George Felt's grandson Joshua Felt (1691–1744), son of Moses II, married Ann Walcott, the younger half-sister of the famed Mary Walcott, one of the "afflicted" girls called as a witness at the Salem Witch Trials in 1692-93. Ann's grandmother was Ann Holyoke Putnam, whose family founded Holyoke, Massachusetts.[8] These marriages joined the Felts with the noted Holyoke, Walcott and Putnam families of England and New England. This includes Thomas Putnam Sr. (1615–1686), one of Salem's wealthiest residents and whose home remains in Danvers, Massachusetts, from 1648, as the oldest in the U.S. still owned by a descendant of the original family that had it erected.

George Felt's great-great-grandson Capt.

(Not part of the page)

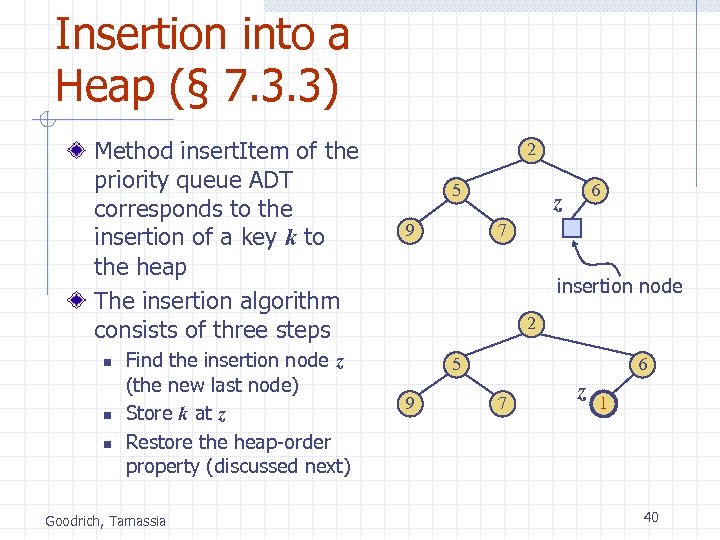 Insertion into a Heap (§ 7. 3. 3) Method insert. Item of the priority queue ADT corresponds to the insertion of a key k to the heap The insertion algorithm consists of three steps n n n Find the insertion node z (the new last node) Store k at z Restore the heap-order property (discussed next) Goodrich, Tamassia 2 5 9 6 z 7 insertion node 2 5 9 6 7 z 1 40

John Felt (1723–1785) was the "Hero of the British Repulse at North Field Bridge," or the Salem Gunpowder Raid, also known as "Leslie's Retreat" on February 26, 1775. It was the colonies' first armed resistance to British authority. Lieutenant-Colonel Alexander Leslie and 300 British soldiers from Boston attempted to seize illegally held ammunition during which they were repulsed by citizens led by Capt. Felt in a bloodless confrontation.[13] Felt was the great-grandson of George Felt Jr., who was killed by Native Americans in a raid on Peaks Island, Maine, a century earlier, in 1675.[8]

Home of the great-great-grandson of George Felt and Elizabeth Wilkinson, Sgt. Peter Felt, at Temple, New Hampshire. Known as the Felt-Tobey-Scott House.

George Felt's great-great-grandson Sgt. Peter Felt (1745–1817) was one of six Felt brothers who served in the American Revolution, including at the Battle of Lexington and Concord; all survived, though two were wounded. Peter was a sergeant at the Battles of Saratoga.[8]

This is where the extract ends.